■ Requirement
Whatever appears in the records, write it out again exactly.

■ Extracted data
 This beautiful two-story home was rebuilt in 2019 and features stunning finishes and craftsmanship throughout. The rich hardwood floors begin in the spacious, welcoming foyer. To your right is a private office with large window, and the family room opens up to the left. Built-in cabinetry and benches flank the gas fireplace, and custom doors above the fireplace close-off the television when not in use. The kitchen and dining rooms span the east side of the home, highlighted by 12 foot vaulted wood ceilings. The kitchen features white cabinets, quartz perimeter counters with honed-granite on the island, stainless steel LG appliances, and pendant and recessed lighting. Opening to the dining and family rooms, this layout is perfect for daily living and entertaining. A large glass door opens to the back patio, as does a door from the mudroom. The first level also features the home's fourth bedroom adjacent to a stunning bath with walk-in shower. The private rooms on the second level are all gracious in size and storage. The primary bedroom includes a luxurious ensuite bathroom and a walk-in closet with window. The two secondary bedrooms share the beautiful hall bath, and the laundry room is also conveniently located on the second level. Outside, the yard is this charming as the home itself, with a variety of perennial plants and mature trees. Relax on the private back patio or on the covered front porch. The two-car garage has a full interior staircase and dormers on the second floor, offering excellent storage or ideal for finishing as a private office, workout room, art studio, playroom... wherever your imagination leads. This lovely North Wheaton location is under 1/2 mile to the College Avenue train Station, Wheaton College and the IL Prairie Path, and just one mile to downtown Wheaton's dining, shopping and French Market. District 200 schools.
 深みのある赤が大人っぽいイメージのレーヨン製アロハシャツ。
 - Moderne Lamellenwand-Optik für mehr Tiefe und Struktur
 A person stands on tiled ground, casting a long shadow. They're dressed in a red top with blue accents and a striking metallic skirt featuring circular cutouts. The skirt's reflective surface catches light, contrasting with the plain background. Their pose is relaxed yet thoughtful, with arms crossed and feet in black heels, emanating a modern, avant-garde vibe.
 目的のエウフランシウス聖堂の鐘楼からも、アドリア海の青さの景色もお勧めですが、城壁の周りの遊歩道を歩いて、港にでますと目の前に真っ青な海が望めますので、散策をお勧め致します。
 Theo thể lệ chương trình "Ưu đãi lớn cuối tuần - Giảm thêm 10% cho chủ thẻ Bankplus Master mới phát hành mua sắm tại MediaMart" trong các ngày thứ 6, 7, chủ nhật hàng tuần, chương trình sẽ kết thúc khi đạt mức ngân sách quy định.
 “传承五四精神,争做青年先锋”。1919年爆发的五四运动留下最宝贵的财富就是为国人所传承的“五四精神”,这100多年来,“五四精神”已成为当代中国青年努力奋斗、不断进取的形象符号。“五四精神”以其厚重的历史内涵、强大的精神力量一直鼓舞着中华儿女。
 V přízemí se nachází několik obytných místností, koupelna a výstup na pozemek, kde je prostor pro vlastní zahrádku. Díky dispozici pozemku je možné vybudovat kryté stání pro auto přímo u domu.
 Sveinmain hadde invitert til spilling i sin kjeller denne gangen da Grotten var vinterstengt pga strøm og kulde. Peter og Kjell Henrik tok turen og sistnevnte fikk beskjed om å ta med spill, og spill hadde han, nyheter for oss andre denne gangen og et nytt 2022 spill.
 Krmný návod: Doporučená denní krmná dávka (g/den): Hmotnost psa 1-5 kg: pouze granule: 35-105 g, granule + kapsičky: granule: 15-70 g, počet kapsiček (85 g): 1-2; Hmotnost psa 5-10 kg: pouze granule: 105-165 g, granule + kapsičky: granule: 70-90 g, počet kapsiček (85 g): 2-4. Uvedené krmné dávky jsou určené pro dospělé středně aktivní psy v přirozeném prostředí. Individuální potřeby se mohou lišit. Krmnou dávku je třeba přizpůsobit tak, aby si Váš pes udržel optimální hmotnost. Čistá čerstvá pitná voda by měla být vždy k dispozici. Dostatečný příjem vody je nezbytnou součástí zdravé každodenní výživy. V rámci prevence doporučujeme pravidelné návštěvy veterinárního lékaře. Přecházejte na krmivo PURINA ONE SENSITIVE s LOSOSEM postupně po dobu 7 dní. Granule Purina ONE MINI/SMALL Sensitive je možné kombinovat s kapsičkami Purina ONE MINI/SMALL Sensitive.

■ Solution
 This beautiful two-story home was rebuilt in 2019 and features stunning finishes and craftsmanship throughout. The rich hardwood floors begin in the spacious, welcoming foyer. To your right is a private office with large window, and the family room opens up to the left. Built-in cabinetry and benches flank the gas fireplace, and custom doors above the fireplace close-off the television when not in use. The kitchen and dining rooms span the east side of the home, highlighted by 12 foot vaulted wood ceilings. The kitchen features white cabinets, quartz perimeter counters with honed-granite on the island, stainless steel LG appliances, and pendant and recessed lighting. Opening to the dining and family rooms, this layout is perfect for daily living and entertaining. A large glass door opens to the back patio, as does a door from the mudroom. The first level also features the home's fourth bedroom adjacent to a stunning bath with walk-in shower. The private rooms on the second level are all gracious in size and storage. The primary bedroom includes a luxurious ensuite bathroom and a walk-in closet with window. The two secondary bedrooms share the beautiful hall bath, and the laundry room is also conveniently located on the second level. Outside, the yard is this charming as the home itself, with a variety of perennial plants and mature trees. Relax on the private back patio or on the covered front porch. The two-car garage has a full interior staircase and dormers on the second floor, offering excellent storage or ideal for finishing as a private office, workout room, art studio, playroom... wherever your imagination leads. This lovely North Wheaton location is under 1/2 mile to the College Avenue train Station, Wheaton College and the IL Prairie Path, and just one mile to downtown Wheaton's dining, shopping and French Market. District 200 schools.
 深みのある赤が大人っぽいイメージのレーヨン製アロハシャツ。
 - Moderne Lamellenwand-Optik für mehr Tiefe und Struktur
 A person stands on tiled ground, casting a long shadow. They're dressed in a red top with blue accents and a striking metallic skirt featuring circular cutouts. The skirt's reflective surface catches light, contrasting with the plain background. Their pose is relaxed yet thoughtful, with arms crossed and feet in black heels, emanating a modern, avant-garde vibe.
 目的のエウフランシウス聖堂の鐘楼からも、アドリア海の青さの景色もお勧めですが、城壁の周りの遊歩道を歩いて、港にでますと目の前に真っ青な海が望めますので、散策をお勧め致します。
 Theo thể lệ chương trình "Ưu đãi lớn cuối tuần - Giảm thêm 10% cho chủ thẻ Bankplus Master mới phát hành mua sắm tại MediaMart" trong các ngày thứ 6, 7, chủ nhật hàng tuần, chương trình sẽ kết thúc khi đạt mức ngân sách quy định.
 “传承五四精神,争做青年先锋”。1919年爆发的五四运动留下最宝贵的财富就是为国人所传承的“五四精神”,这100多年来,“五四精神”已成为当代中国青年努力奋斗、不断进取的形象符号。“五四精神”以其厚重的历史内涵、强大的精神力量一直鼓舞着中华儿女。
 V přízemí se nachází několik obytných místností, koupelna a výstup na pozemek, kde je prostor pro vlastní zahrádku. Díky dispozici pozemku je možné vybudovat kryté stání pro auto přímo u domu.
 Sveinmain hadde invitert til spilling i sin kjeller denne gangen da Grotten var vinterstengt pga strøm og kulde. Peter og Kjell Henrik tok turen og sistnevnte fikk beskjed om å ta med spill, og spill hadde han, nyheter for oss andre denne gangen og et nytt 2022 spill.
 Krmný návod: Doporučená denní krmná dávka (g/den): Hmotnost psa 1-5 kg: pouze granule: 35-105 g, granule + kapsičky: granule: 15-70 g, počet kapsiček (85 g): 1-2; Hmotnost psa 5-10 kg: pouze granule: 105-165 g, granule + kapsičky: granule: 70-90 g, počet kapsiček (85 g): 2-4. Uvedené krmné dávky jsou určené pro dospělé středně aktivní psy v přirozeném prostředí. Individuální potřeby se mohou lišit. Krmnou dávku je třeba přizpůsobit tak, aby si Váš pes udržel optimální hmotnost. Čistá čerstvá pitná voda by měla být vždy k dispozici. Dostatečný příjem vody je nezbytnou součástí zdravé každodenní výživy. V rámci prevence doporučujeme pravidelné návštěvy veterinárního lékaře. Přecházejte na krmivo PURINA ONE SENSITIVE s LOSOSEM postupně po dobu 7 dní. Granule Purina ONE MINI/SMALL Sensitive je možné kombinovat s kapsičkami Purina ONE MINI/SMALL Sensitive.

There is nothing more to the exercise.